I think this duplicates #66.

However, it is happening for me as well with an AMD 6700XT on both X11 and Wayland. I'd be happy to help provide info, but I don't really know where to start.

Kernel: 6.1.7-arch1-1 Mesa: 22.3.3

hanatos commented 1 year ago

if it is the same as #66, which driver was that? i don't know much about AMD, but there are several options for drivers right? something amdgpu-pro and the other what? it seems to me one of the two works.

hanatos commented 1 year ago

However, it is happening for me as well with an AMD 6700XT on both X11 and Wayland. I'd be happy to help provide info, but I don't really know where to start.

wait you mean it happens even with the proprietary amdgpu-pro driver?

this looks like the image barriers after compute shaders don't work, or the memory management is confused about reusing the same VkBuffers for several VkImages.. but all of that is working with nvidia and intel drivers, and i thought amdgpu-pro as well.

does the commandline interface work as expected? (i.e. is this a compute vs gui draw pass sync issue)

if you can compile vkdt, it might be worth a try to place a return VK_SUCCESS as first line in src/pipe/graph.c:1284 free_inputs (this will use unreasonable amounts of memory) and see if that changes anything at all?

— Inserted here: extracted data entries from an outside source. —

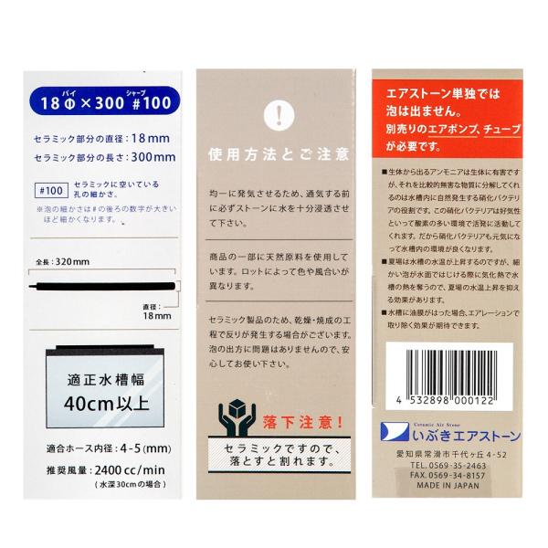 エアーストーン いぶきエアストーン セラミックエアストーン 直径18×300 #100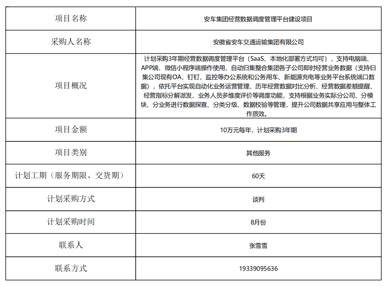 安車集團(tuán)經(jīng)營數(shù)據(jù)調(diào)度管理平臺(tái)建設(shè)項(xiàng)目招標(biāo)計(jì)劃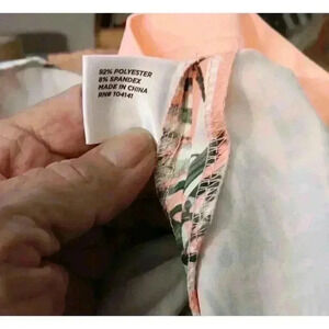 This Lady Hagan skort is perfect for any active woman who loves a tropical look. The peach, white, and green print is eye-catching and adds a touch of fun to any golf or tennis outfit. The skort features a hook and eye closure, spare button, and pockets for convenience.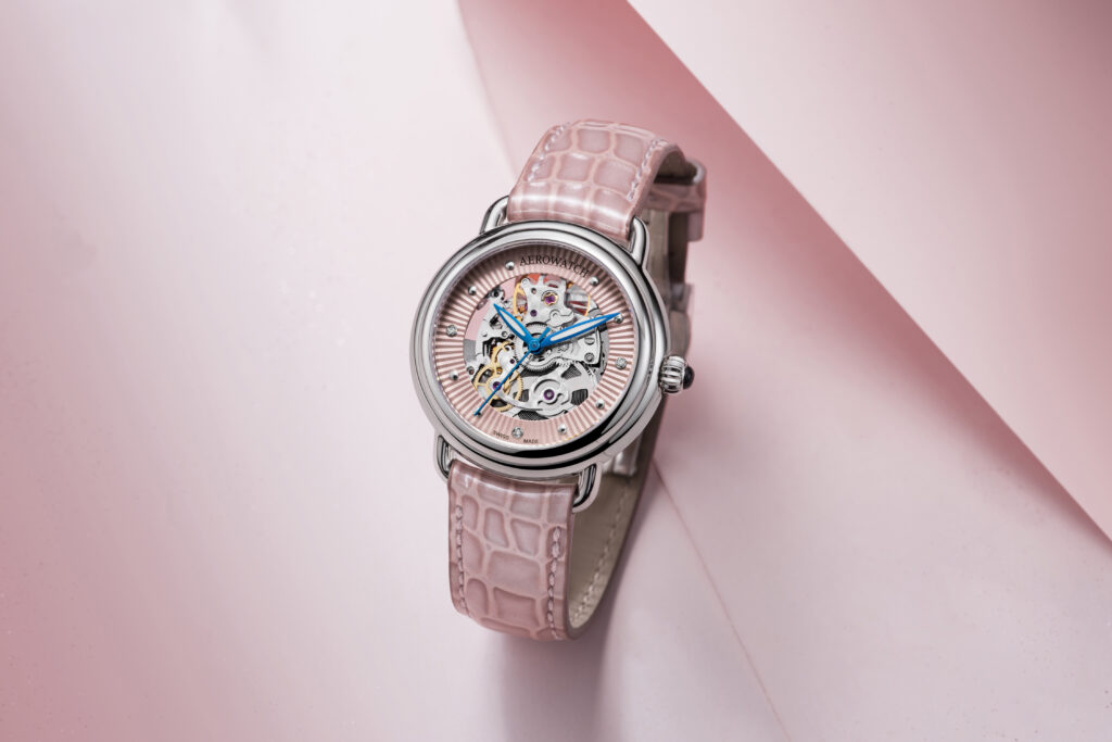 Für die kommende Saison, die mit festlichen Anlässen aufwartet, macht die neue Skelett – Damen-Uhr-Kollektion ihre Aufmachung in Edelstahl, in den Trendfarben Altrosa, Weiss, sowie in der Akzentfarbe Framboise. Eleganz und Knowhow tragen die Signatur von Aerowatch und gehen Hand in Hand, um die Aufmerksamkeit der Damen zu gewinnen.

charlesmonson commented 1 year ago

I've only tried with the in kernel amdgpu driver, not the proprietary amdgpu-pro one.

I compiled from latest master after making the return VK_SUCCESS change and it still happens both when viewing in the GUI and after exporting. It also happens using vkdt-cli for me.

hanatos commented 1 year ago

thanks for confirming. so it is the barrier, not something in the command buffers between gui drawing and executing the graph. also my memory allocator doesn't seem to be the issue then.

it really looks like something as basic as the image barriers aren't synchronising the individual compute shaders correctly.. that might very well point to a driver issue.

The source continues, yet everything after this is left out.